I am trying to prove this theorem in my book. Because it is provided without proof, please let me know what you think!
$\mathbf{Theorem:}$ Let V be a finite , $n$ -dimensional vector space and let U be a subspace of V.
Define, $T: V \rightarrow V$ as $$ T(v)=proj_U(v)$$ ( ie, the orthogonal projection)
Then the following are true;
i) T is a linear transformation
ii) $Im(T)=U$ and $kerT=U^{\perp} $ where $U^{\perp}$ represents the orthogonal complement.
iii) $Dim(U)+Dim(U^{\perp})= n$
$\mathbf{Proof:}$
(i) Let $v , w \in V$ , $k \in \mathbb R$, and let $\mathbb B=\{u_1,…u_n\}$ be an orthogonal basis for V.

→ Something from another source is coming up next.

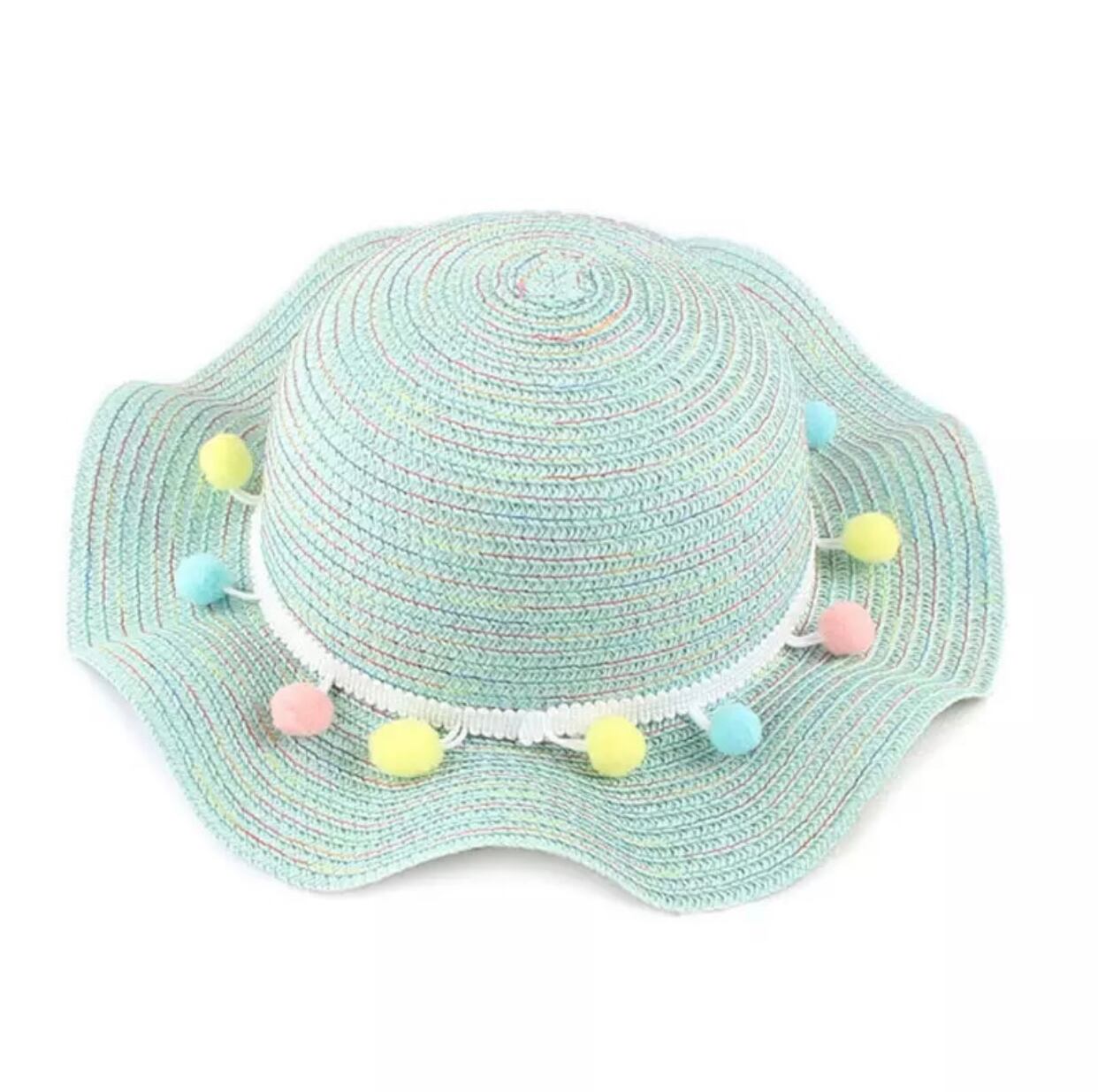 ★送料無料★ 5色 麦わら帽子 むぎわら帽子 キッズ ベビー 子供 キャップ わら UV対策 女の子 ボンボン ペール 優しい色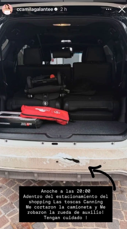 “Me cortaron la camioneta y me robaron la rueda de auxilio. ¡Tengan cuidado!”, lanzó Galante, sin vueltas, a través de sus redes. El episodio ocurrió el martes a las 20, en el estacionamiento del shopping Las Toscas, en Canning, un espacio que promete seguridad pero que, esa noche, quedó en el centro de la polémica.

then we have $$T(v)= \frac{\langle v , u_1 \rangle}{\langle u_1, u_1 \rangle}u_1 +…+ \frac{\langle v, u_n \rangle}{\langle u_n, u_n \rangle}u_n$$
and $$T(w)=\frac{\langle v , w_1 \rangle}{\langle w_1, w_1 \rangle}w_1 +…+ \frac{\langle v, w_n \rangle}{\langle w_n, w_n \rangle}w_n$$
then the rest follows by invoking the inner product properties of linearity. I have it written but it will take my a long time to type that out , so for that I would just be wondering if that is the correct approach?
(ii)
Must show that $Im(T) \subseteq U$ and that $U \subseteq Im(T)$
Let $w \in Im(T)$ then there exists a$ v \in V$ such that $T(v)=w$
and we have seen that this would imply w is just the projection i.e. a linear combination of vectors $u_i$ and for $U \subseteq Im(T)$ we can simply take the projection of $u$ onto itself. Thus, showing $Im(T)=U$
Now suppose $w \in U^{\perp}$ then $$T(w)=\frac{\langle w,u_1 \rangle}{\langle u_1, u_1 \rangle }u_1+…+\frac{\langle w , u_n \rangle}{\langle u_n, u_n \rangle}u_n=0$$ ie $w \in Ker(T)$ and now now suppose $w \ in Ker(T)$ then $T(w)=0$ , using the fact that for any $w \in V$ we have $w-T(w) \in U^{\perp}$ then this gives $w-0 \in U^{\perp}$ that is $w \in U^{\perp}$ i.e. $Ker(T) \subseteq U^{\perp}$
(iii) This follows directly from the rank nullity theorem, which states $dim(ImT)+dim(KerT)=dim(V)$
Let me know what you all think, any suggestions etc, thanks!